■ **Aim of the exercise**:
Every line from the one with "Το Σάββατο 4/4, στις" up to and including the one with "Ruby and Diamond" is to be output exactly as it appears below; pictures are not.
* * * * * * *
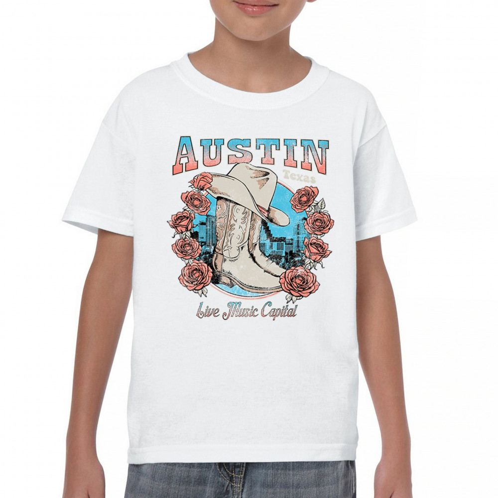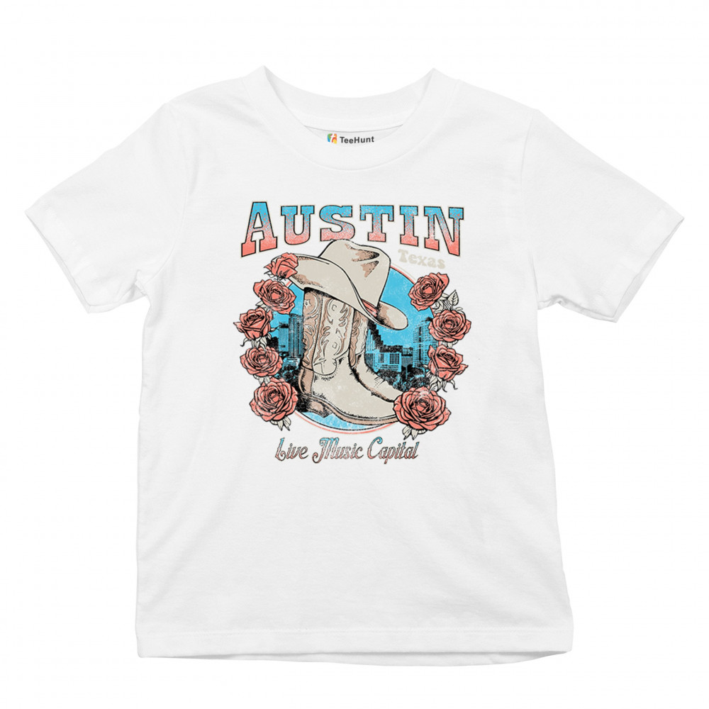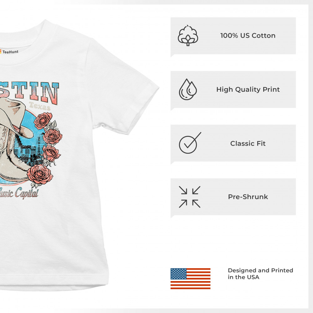 Austin TX Live Music Capital comes alive in this vintage cowgirl boots and hat design, accented by roses and the city skyline. Perfect for lovers of country music, honkytonk vibes, and western chic, this design embodies southern spirit, rustic grit, and the proud Americana aesthetic of Texas’ iconic music scene.
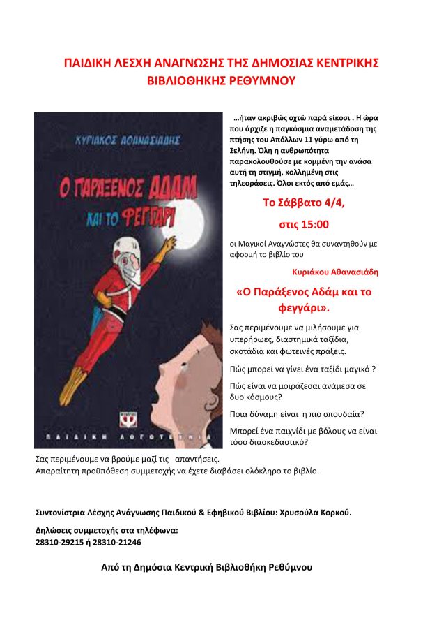 Το Σάββατο 4/4, στις 15:00 οι Μαγικοί Αναγνώστες θα συναντηθούν με αφορμή το βιβλίο του Κυριάκου Αθανασιάδη «Ο Παράξενος Αδάμ και το φεγγάρι».
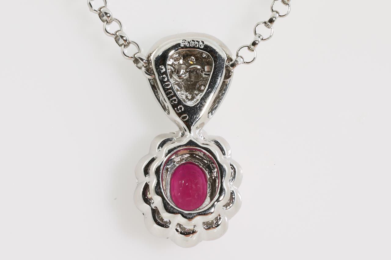 Ruby and Diamond pendant with round shape Ruby of 0.58ct and Diamonds totalling 0.66cts (Estimated grading: G VS-SI). Platinum with platinum 44cm chain. Weight: 7.3g (Pre-owmed)
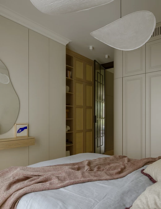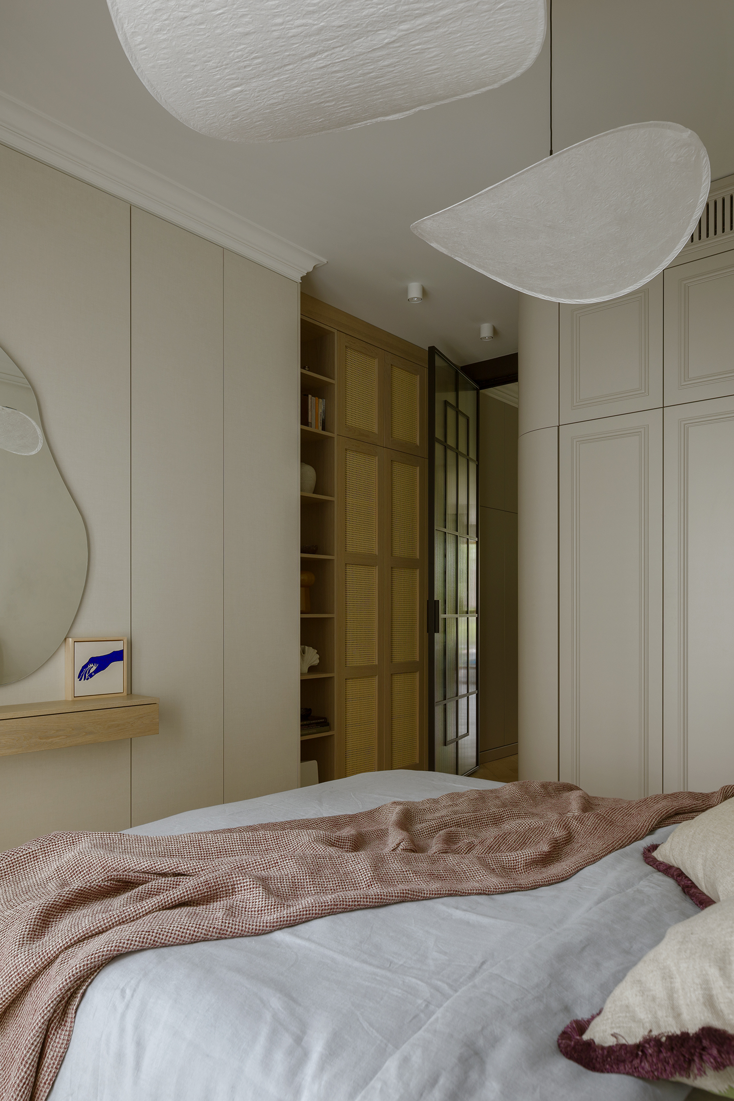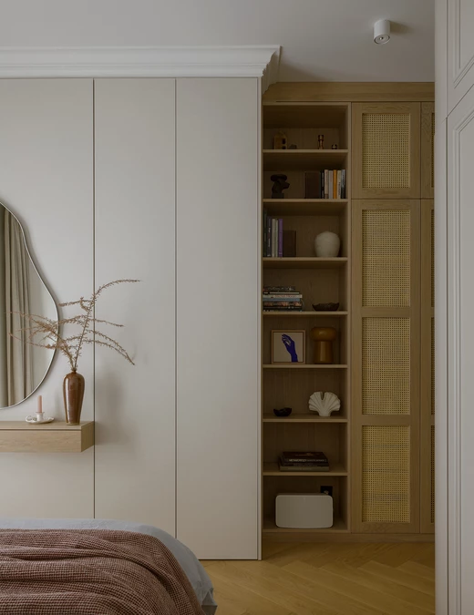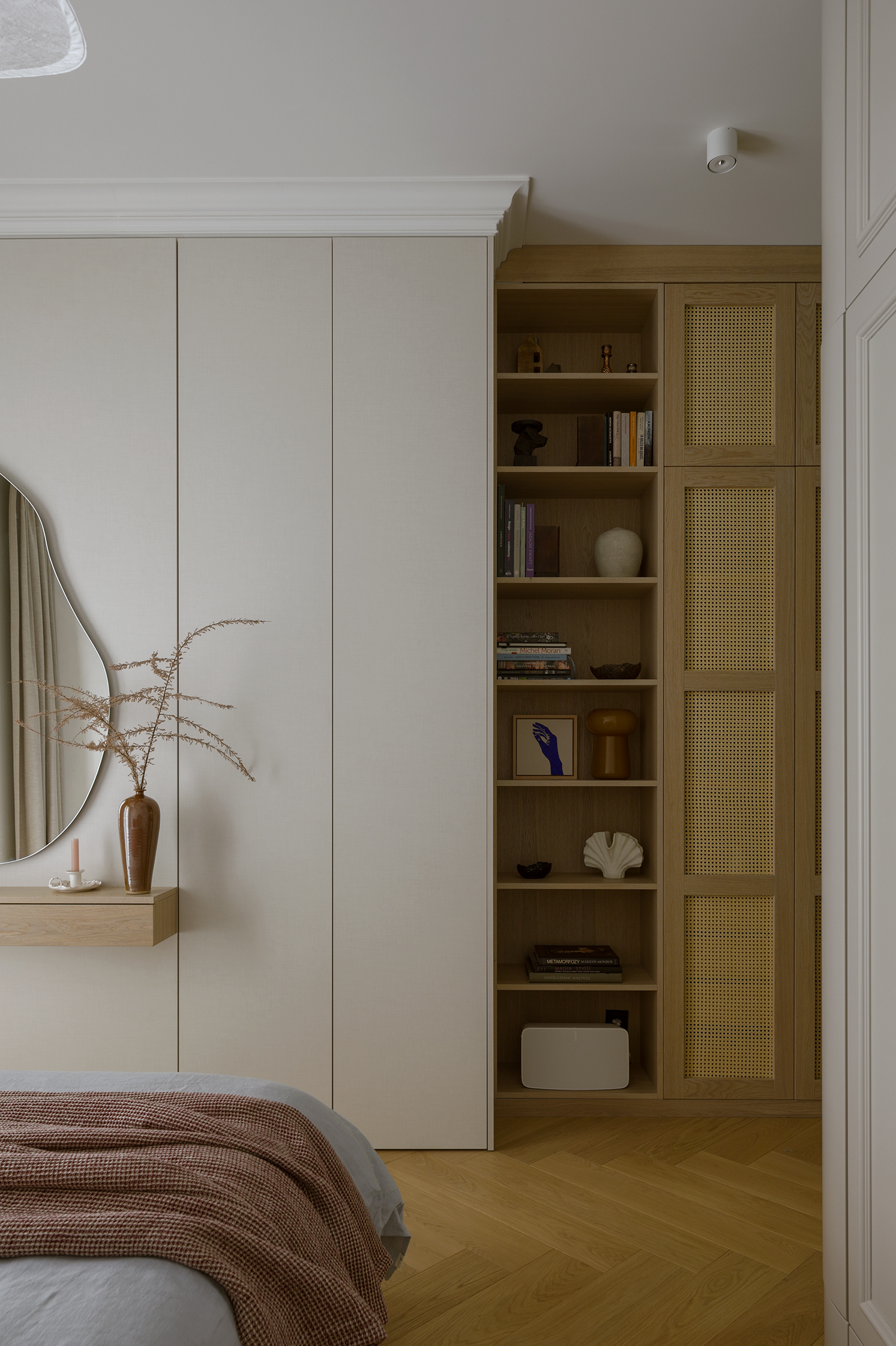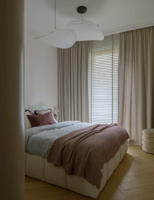 Właśnie ta potrzeba odnalezienia spokoju pośród intensywności stała się punktem wyjścia dla projektu. Wnętrze miało być lekkie, naturalne i kobiece – takie, które uspokaja zamiast przytłaczać, a jednocześnie subtelnie opowiada historię swojej właścicielki.
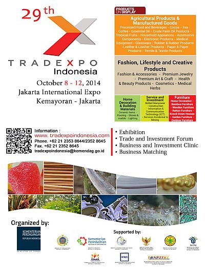 JAKARTA, INDONESIA, Aug 13, 2014 - (ACN Newswire) - The Ministry of Trade of The Republic of Indonesia will hold The 29th Trade Expo Indonesia (TEI), the largest international trade exhibition in Indonesia, on October 8-12, 2014 at Jakarta International Expo (JIExpo) with the theme "Towards Green Business". The theme reflects Ministry's objective to promote the potential and existence of products in Indonesia as high-quality and eco-friendly products, which are able to prop up the economy through the increase of non-oil exports value.
* * * * * * *
■ **Task result**:
 Το Σάββατο 4/4, στις 15:00 οι Μαγικοί Αναγνώστες θα συναντηθούν με αφορμή το βιβλίο του Κυριάκου Αθανασιάδη «Ο Παράξενος Αδάμ και το φεγγάρι».
 Ruby and Diamond pendant with round shape Ruby of 0.58ct and Diamonds totalling 0.66cts (Estimated grading: G VS-SI). Platinum with platinum 44cm chain. Weight: 7.3g (Pre-owmed)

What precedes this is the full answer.